Chemical mapping of organic and bio materials with 10 nm spatial resolution using scattering-type scanning near-field optical microscopy (s-SNOM)

Abstract number
80
Presentation Form
Poster
Corresponding Email
[email protected]
Session
Poster Session Two
Authors
Dr. Lars Mester (1), Dr. Philip Schäfer (1), Dr. Adrian Cernescu (1), Dr. Andreas J. Huber (1)
Affiliations
1. attocube systems AG (neaspec)
Keywords

Nanoscale imaging

Infrared nano-spectroscopy

Biological material

Scanning probe microscopy

Abstract text

Scattering-type Scanning Near-field Optical Microscopy (s-SNOM) is a scanning probe approach to optical microscopy and spectroscopy, bypassing the ubiquitous diffraction limit of light to achieve a spatial resolution below 20 nanometers. s-SNOM employs the strong confinement of light at the apex of a sharp metallic atomic force microscopy (AFM) tip to create a nanoscale optical hot-spot. Analyzing the scattered light from the tip enables the extraction of the optical properties (e.g. absorption, reflection) of the sample directly below the tip and yields nanoscale resolved images simultaneous to topography. In addition, the technology has been advanced to enable Fourier-Transform Infrared Spectroscopy on the nanoscale (nano-FTIR) using broadband radiation from the visible and infrared spectral ranges to THz frequencies.

 

Figure 1 – Overview of nano-infrared studies on biomaterials using s-SNOM / nano-FTIR. Left: Illustration of nano-FTIR experiment and chemical identification of a nanoscale contaminant. Right: Nano-FTIR spectra of various biological samples.

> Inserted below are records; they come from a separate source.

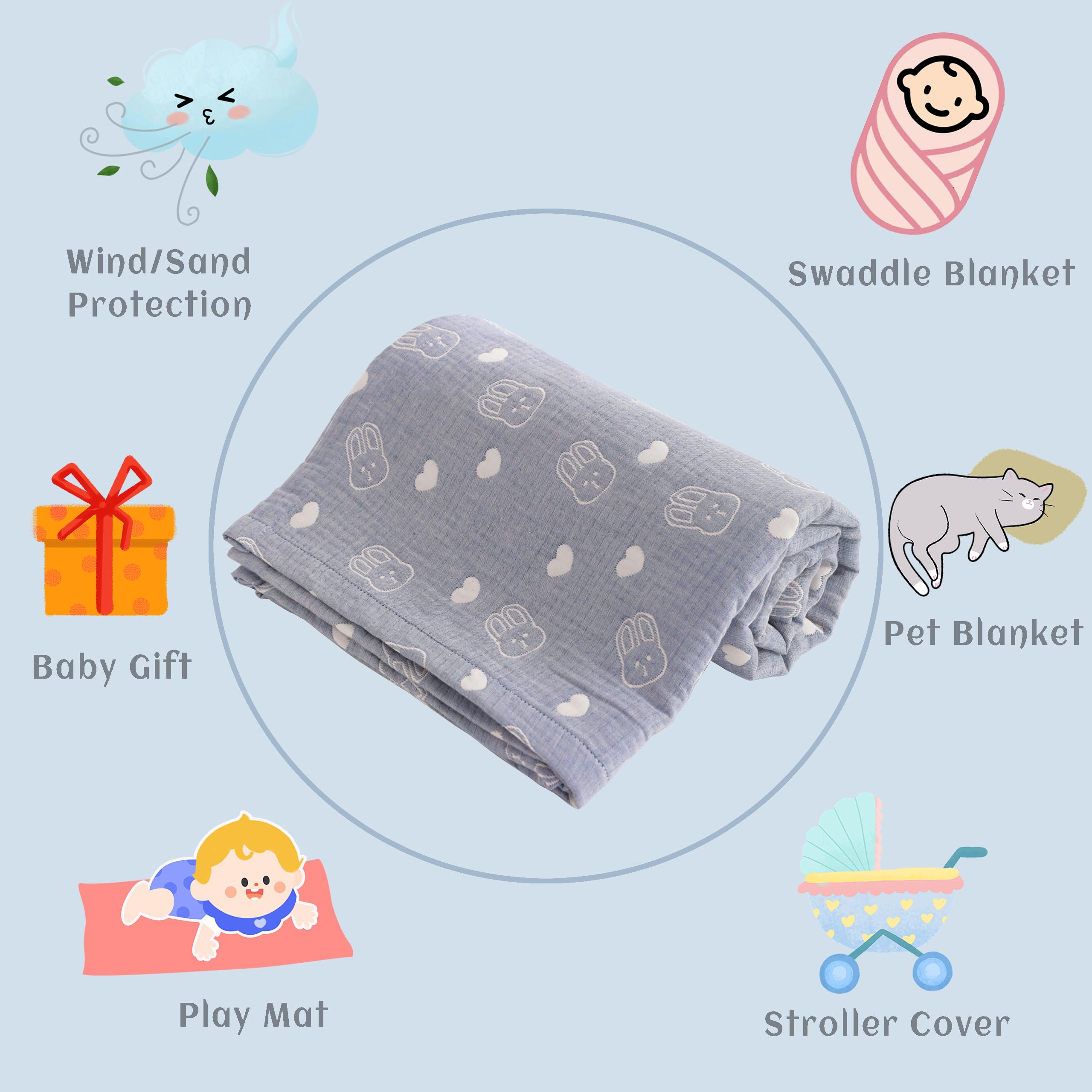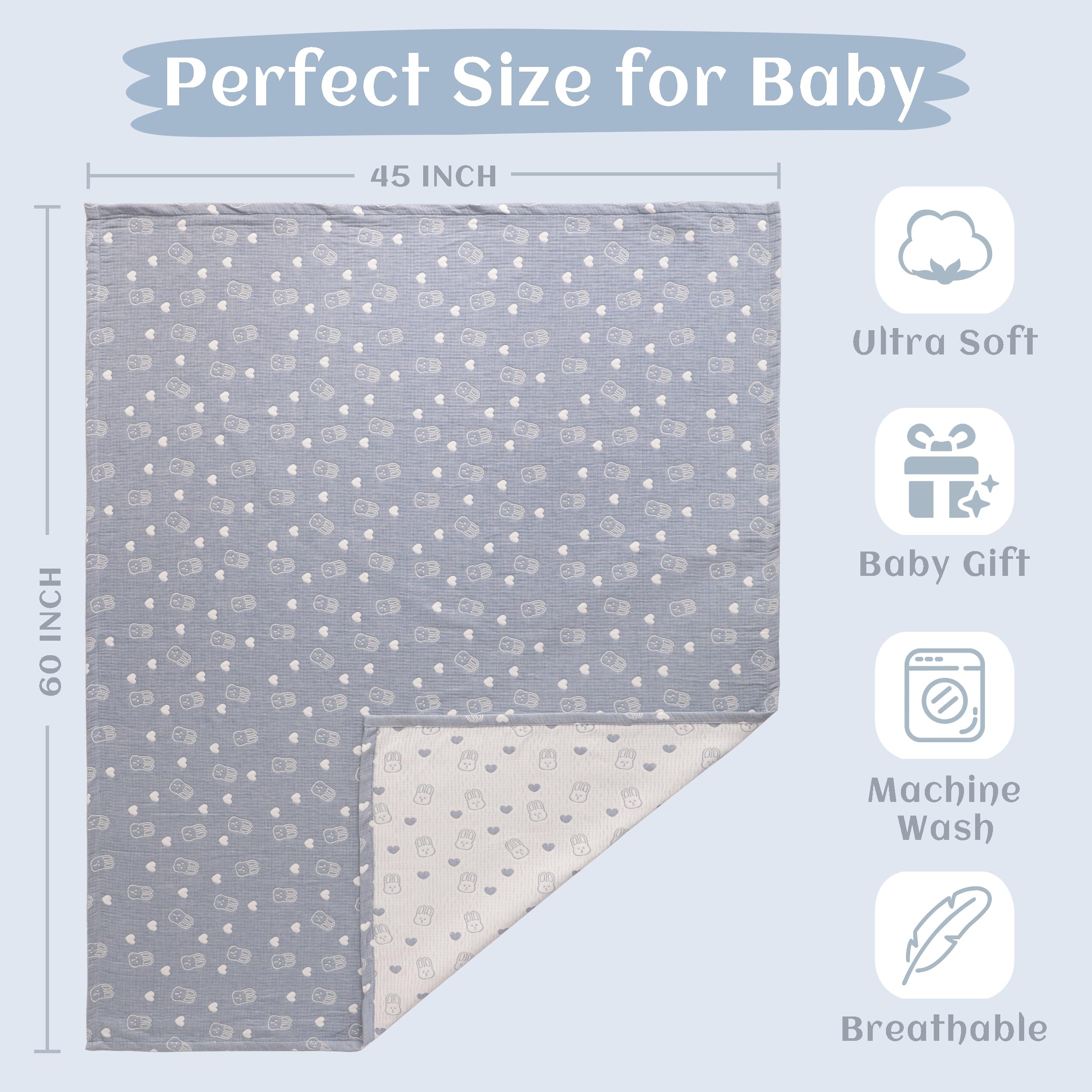 Multiple use: These muslin blankets can be used for tummy time, traveling, cuddling, stroller and car seat use, picnics, and even as a throw blanket.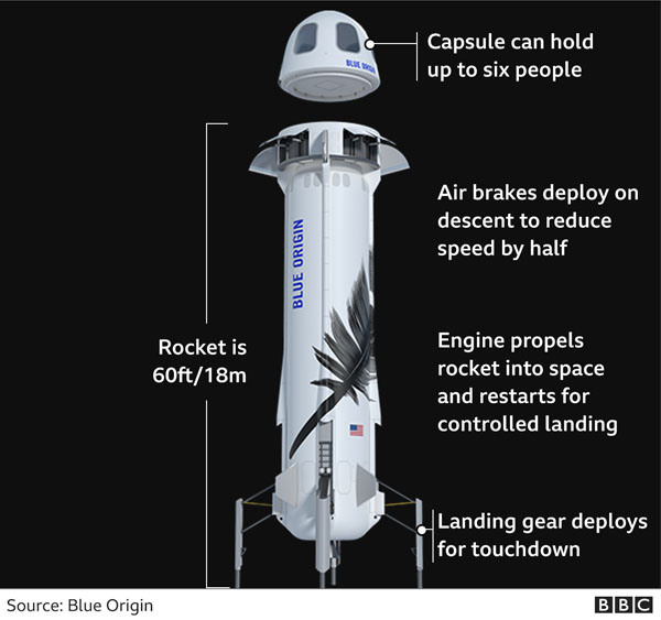 یاد رہے کہ بلیو اوریجن نے مسافروں کو خلا میں لے جانے کے لیے دوبارہ استعمال کے قابل راکٹ بنایا گیا ہے۔
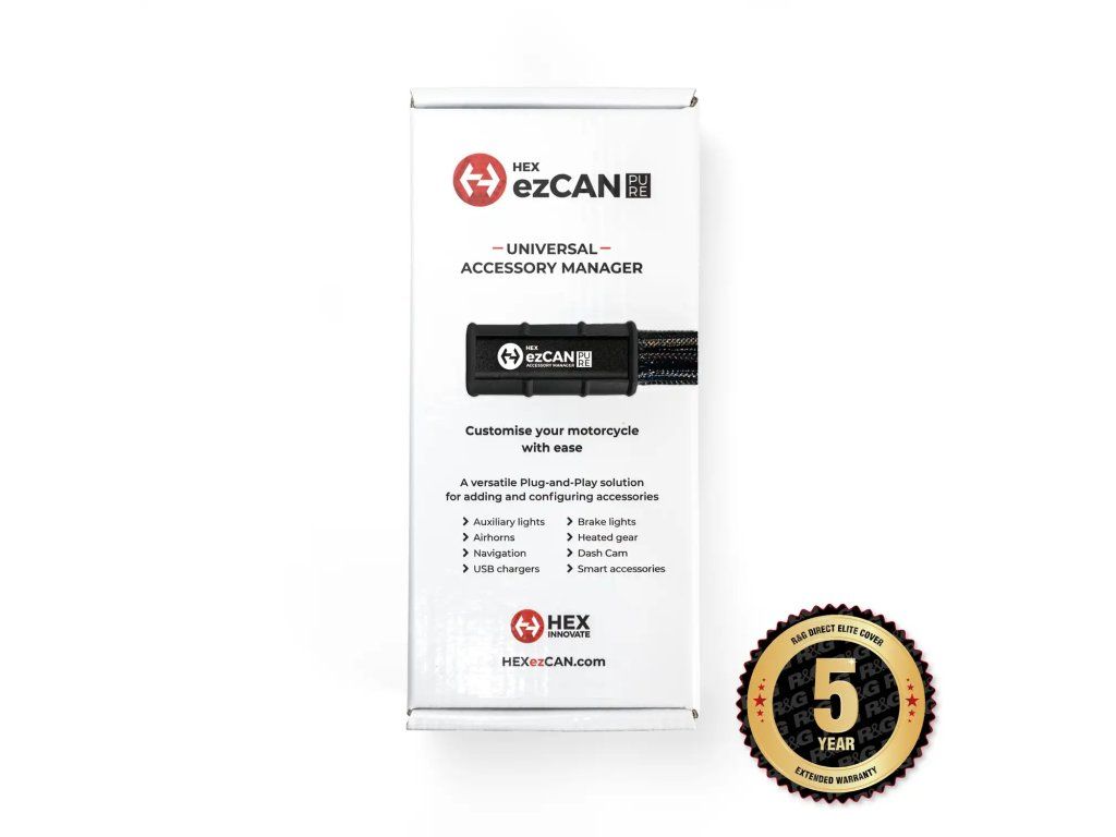 HEX ezCAN se přímo zapojuje do tvého motocyklu a naslouchá příkazům přenášeným přes CAN-bus datový tok motocyklu. Jedná se o konfigurovatelné, bezproblémové plug-and-play řešení, které ti umožní přidat jakýkoli elektronický doplněk na tvůj motocykl bez nutnosti řezání kabelů nebo ztráty záruky motocyklu. ezCAN ti umožní bezpečně napájet a konfigurovat příslušenství – a ovládat je pomocí stávajících ovládacích prvků motocyklu.
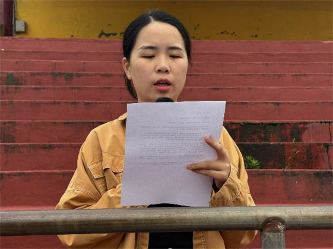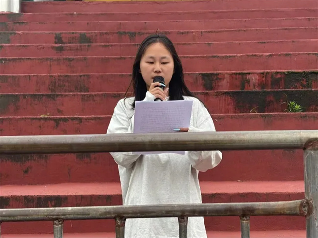 教师代表叶慧慧在发言中聚焦心理健康教育的实践路径。她提出三点倡议:一是学会倾诉与调节,通过运动、艺术等方式释放压力;二是接纳自身不足,以积极心态拥抱成长;三是共建温暖校园,师生携手营造包容互助的氛围。“心理健康是全面发展的基石,我们愿做学生的引路人,让每一颗心灵都能在阳光下茁壮成长。”叶慧慧的发言真挚恳切,为师生注入温暖力量。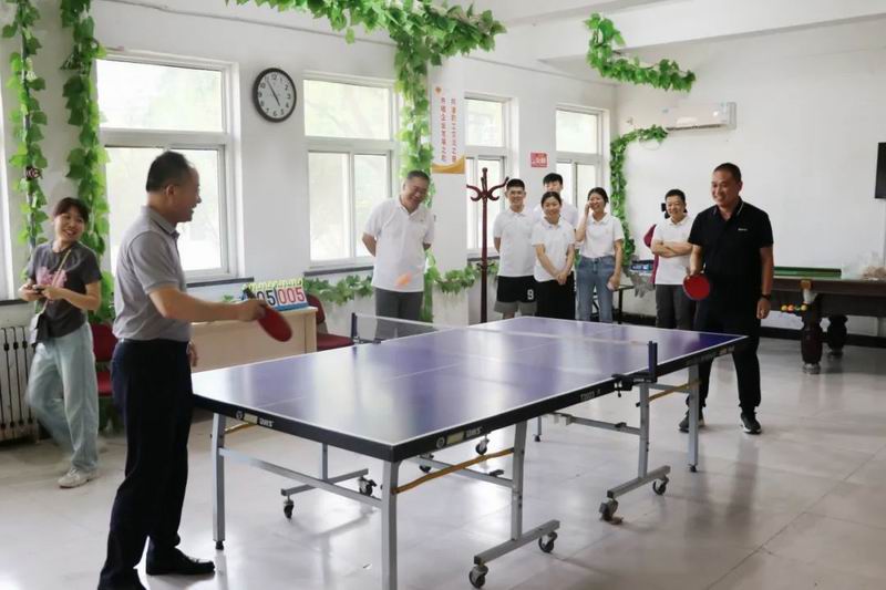 黨建活動結(jié)束后,雙方在職工活動中心舉行了迎“七一”乒乓球友誼賽,共同慶?!捌咭弧苯h節(jié)的到來。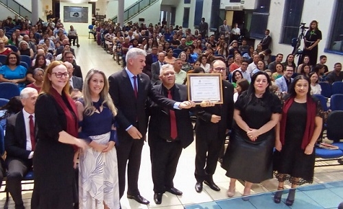 A Câmara de Campo Mourão realizou sessão solene na última sexta-feira à noite. Foi para entrega de moção ao delegado-chefe da 16ª SDP, Nilson Rodrigues da Silva, pelo trabalho da Polícia Civil durante a 30ª Festa Nacional do Carneiro no Buraco. A entrega foi feita pelo vereador autor da homenagem, Jadir Pepita, e pelo prefeito Douglas Fabrício. Sete vereadores participaram da sessão.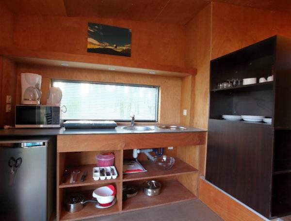 - une kitchenette avec plaques à induction et micro-ondes pour vous permettre de cuisiner en autonomie, une bouilloire, une cafetière, un mini réfrigérateur,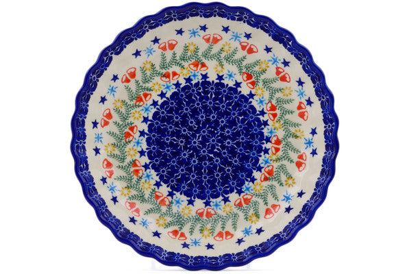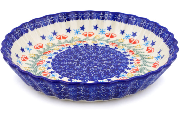 This Polish Pottery 10" Fluted Pie Dish - Wreath Of Bells is handmade and handpainted by the Ceramika Bona factory in Boleslawiec, Poland.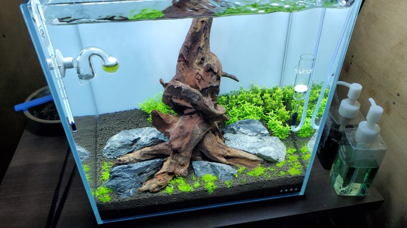 前回、ソイルを敷いて、植栽して注水をしてひたすら水替えの毎日ですが、そろそろ水質も安定してきてるんじゃないかなーなんて思ってます。
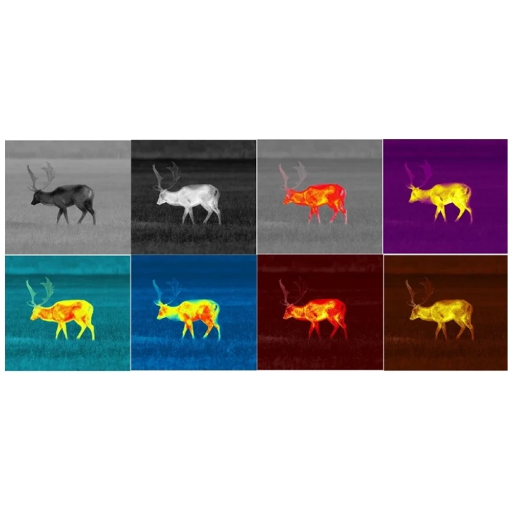 Функції: 8 колірних палітр (White Hot, Black Hot, Red Hot, Rainbow, Ultramarine, Red Monochrome, Sepia, Violet), 4 режими спостереження (Forest, Rocks, Identification, User), покращення зображення Image Detail Boost для підвищення контрасту та деталізації.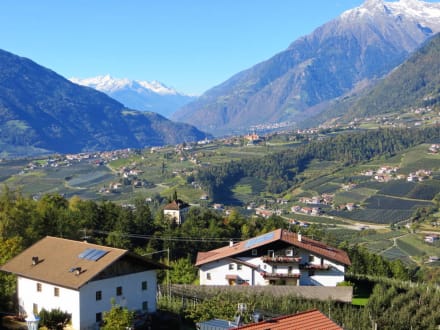 Blick vom Südbalkon übers Passertal nach Dorftirol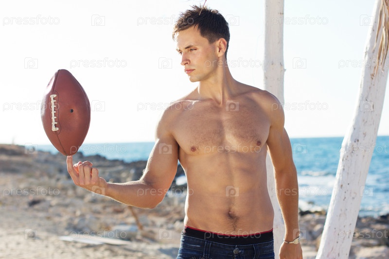 Молодой человек с мячом для регби на пляже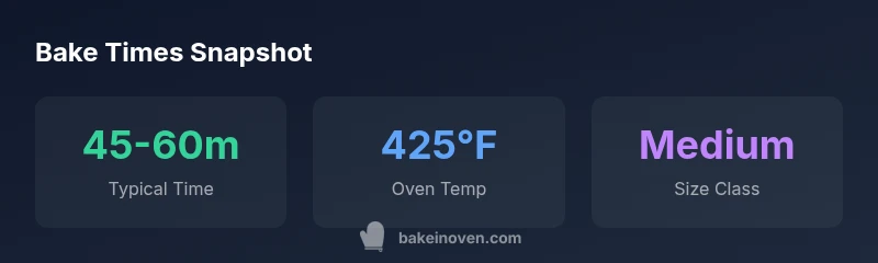 In baking, the time you spend in a hot oven directly shapes the interior starch structure and skin integrity. The keyword bake time for baked potato reflects a balance: too short and the interior remains dense; too long and the skin becomes dry or tough. The Bake In Oven team analyzed how oven temperature, potato size, and moisture content interact to deliver a fluffy interior with a crisp skin. For most home bakers using a classic Russet, a predictable window of 45 to 60 minutes at 425°F (220°C) yields reliable results. Within that window, small size differences of a few ounces can shift the center from chalky to creamy. The core takeaway is not a single minute, but a tested range that you can calibrate against your own oven performance. Consistency comes from starting with uniform potatoes, drying the surface, and avoiding overcrowding on the baking sheet, which can create uneven heat zones. If you notice your oven runs hot or cold, create a cue: bake a single test potato to establish your own baseline before cooking a batch.

Recently, the analysis of complex biological materials via correlative nano-optical and nano-mechanical imaging has gained significant interest. Nano-FTIR spectroscopy enables not only nano-chemical identification and to explore local distribution of organic and inorganic materials (Figure 1), but it also offers information about the secondary structure of proteins. Furthermore, nano-FTIR on a single ferritin complex even proofs sensitivity to about 4,000 amino acids, corresponding to about 5,000 C=O and N-H bonds, respectively.

Here we present various examples of s-SNOM measurements on different biological samples, demonstrating nano-chemical mapping of a-helices and b-sheets, as well as recent results on aggregated amyloid fibers relevant to neurodegenerative Alzheimer’s disease. Lastly, novel and unique instrumentation capabilities will be introduced, that extend the capabilities of commercial s-SNOM systems to being combined with fluorescence imaging and liquid sample environments.